As the lads I'm writing for have made good progress in the last year, the next article I write for them is gonna be on something a bit more complicated than basic tools and joinery:
Store-bought coping saws never work to their potential because those flimsy steel frames don’t hold the blade sufficiently taut. Their frames can be bent outwards for more tension, but with hard use they quickly bend back to their original mediocre performance. I want one I can speed up dovetail work with, cutting dovetails that require minimal paring in two cuts of the saw. Making that tight, 90-degree turn neatly at the bottom of the dovetail requires a taut blade, and I’ve made a number of frame saws over the decades to achieve that goal. This model is the just the latest refinement of time-tested designs made by my family for generations.
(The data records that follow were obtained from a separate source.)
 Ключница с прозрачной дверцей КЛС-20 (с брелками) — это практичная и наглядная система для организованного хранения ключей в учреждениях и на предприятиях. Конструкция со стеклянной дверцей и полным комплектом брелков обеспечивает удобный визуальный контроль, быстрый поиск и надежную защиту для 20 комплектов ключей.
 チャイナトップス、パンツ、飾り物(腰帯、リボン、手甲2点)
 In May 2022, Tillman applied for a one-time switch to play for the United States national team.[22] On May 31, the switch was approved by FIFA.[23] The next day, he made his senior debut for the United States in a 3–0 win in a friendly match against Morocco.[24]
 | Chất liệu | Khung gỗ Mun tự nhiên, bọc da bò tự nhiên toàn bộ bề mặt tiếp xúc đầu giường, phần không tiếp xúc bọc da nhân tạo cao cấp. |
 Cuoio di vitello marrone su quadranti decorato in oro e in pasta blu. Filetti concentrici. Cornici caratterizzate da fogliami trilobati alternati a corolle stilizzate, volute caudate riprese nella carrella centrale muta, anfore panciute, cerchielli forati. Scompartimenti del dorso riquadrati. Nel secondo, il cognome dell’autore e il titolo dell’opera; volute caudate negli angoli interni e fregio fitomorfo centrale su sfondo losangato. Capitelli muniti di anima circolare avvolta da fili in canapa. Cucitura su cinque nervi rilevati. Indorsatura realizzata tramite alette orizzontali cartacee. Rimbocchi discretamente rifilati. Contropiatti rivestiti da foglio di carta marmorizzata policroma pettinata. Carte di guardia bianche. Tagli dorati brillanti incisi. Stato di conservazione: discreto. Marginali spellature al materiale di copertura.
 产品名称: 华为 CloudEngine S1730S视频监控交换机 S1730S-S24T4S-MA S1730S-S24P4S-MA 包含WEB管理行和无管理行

I’m using some very special wood for these…a 240-year-old Pacific Madrona growing at the high tide line of Hood Canal. Termite-ridden, it had to be taken down. While it’s the largest and straightest-grained Madrone I’ve ever seen, the salt water seems to have had a stunting effect in spite of full sun, and the diffuse-porous growth rings are so tight I need magnification to count them in places. Truly exceptional, it is so dense it cuts like tough butter without the splintering normally common in the faster-grown examples of this wood. Normally a twisted understory tree and both harder and heavier than American Beech and Sugar Maple, we use the straighter trees for flooring and stair treads here in its Pacific Northwest native range. Like beech, it shrinks severely in drying, but also like beech, is sufficiently stable once dry for making tools. You can use mahogany, cherry, walnut, maple, ash or any number of hardwoods successfully for your saw. Because of the orientation of the holes in the design and the stresses on them, I recommend you use quarter or rift-sawn stock for the handles.
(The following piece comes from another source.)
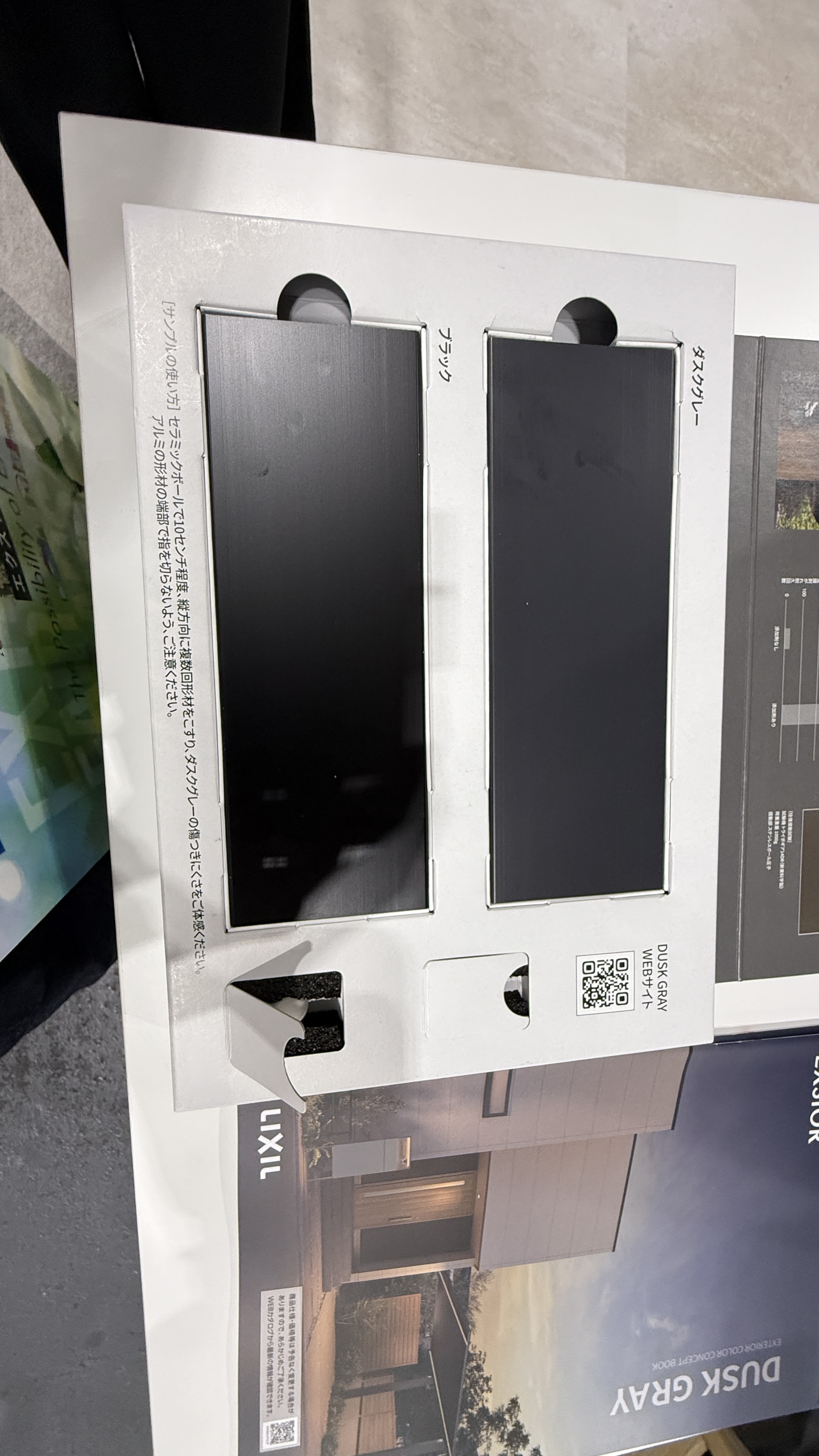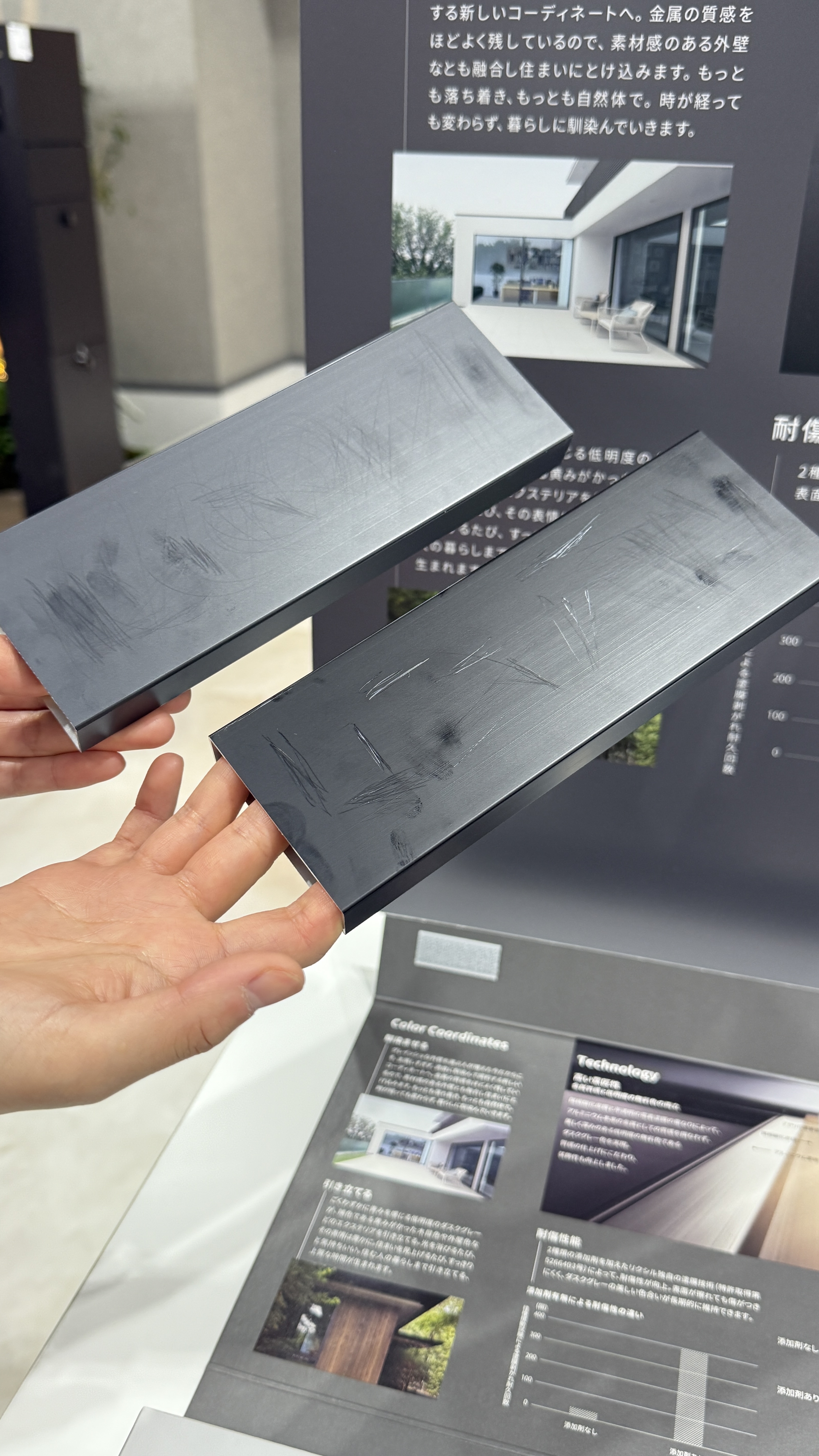 展示場にあった耐傷性体験キット。上がダクスグレー。

I’m making a run of 8 saws for economy of scale and full use of the rift sawn, 5/4 board I selected from the drying stack. When making saws, handles, hand screws or other tools, I always use up all the stock I devote to the project, saving any finished pieces leftover for completion later when the right offcut becomes available or for use as spare parts. In the picture above I’m laying out the mortises and holes in the handles, using the jointer fence as an index for efficiency and speed. I build furniture and boats the same way; gang cutting stock for multiple parts and cutting joints in sequence so I can both feel and see the perfect match I’m trying to achieve between each part.
As there are only 16 mortises to make, I chop them with the half-inch mortising chisel. Predrilling and paring aren’t necessary once you get the hang of this simple, basic tool, and it takes 45 minutes…. less time that I would have spent making a jig and using the router.
I bore the holes for the quarter-inch drill rod I’ll use for blade mounts and tensioning rod, counter boring for the handle’s ferrule and evaluate hardware fit after each task. I use brad point and Forstner bits for accuracy and ream the .25-inch holes to .27 using a wire gage jobber bit for clearance. I also like to use a 45-degree countersink where the drill rod emerges from the handles…just for neat. If your bit wanders and you have a hole slightly off center, that 45-degree countersink can also be offset a bit to fool the eye, hiding your mistake.
If you don’t have a drill press, this can also be done just as well using a hand drill. Simply use a long, bell hanger’s bit that’s easy to keep plumb, and have a helper sight plumb from the end of the piece while you sight the face side as you are drilling.
Before turning the handles, I square up the ends of the rough stock and bore a small pilot hole for the drill rod blade mount, to be bored full size later. If I drilled the full-size hole before turning the handle, the hole would be too large for the lathe’s live center. A faster alternative is to fabricate and epoxy mount the drill rod before turning, using the drill rod stub to mount the turning square in the lathe’s 3-jaw or Jacob’s Chuck…but most woodworkers don’t own a chuck for their lathes, so I’ll do it without using a chuck.
I turn the handles on the lathe using a sizing gage on the parting tool matched to the ferrules I’m using. Any brass or copper pipe the correct size will do, but these are ready-made brass ferrules used by larger hydraulic repair shops to fabricate hoses…they are readily available in an amazing array of 50 sizes for 5 dollars a dozen. Acquire your hardware first…I rarely begin a project before all the hardware is on hand, as I prefer to pick my own challenges.
If you don’t have access to a lathe, simpler, 8-sided handles can also be made, fitting the ferrules using rasps and files. Using thickened epoxy demonstrated below to mount the ferrules; the fit doesn’t have to be perfect, as the epoxy will fill those gaps perfectly.
With the handles turned and ferrules mounted with epoxy, I drill the final .25-inch holes with a jobber bit that will follow the pilot hole neatly in preparation for installing the blade mounts, also using epoxy.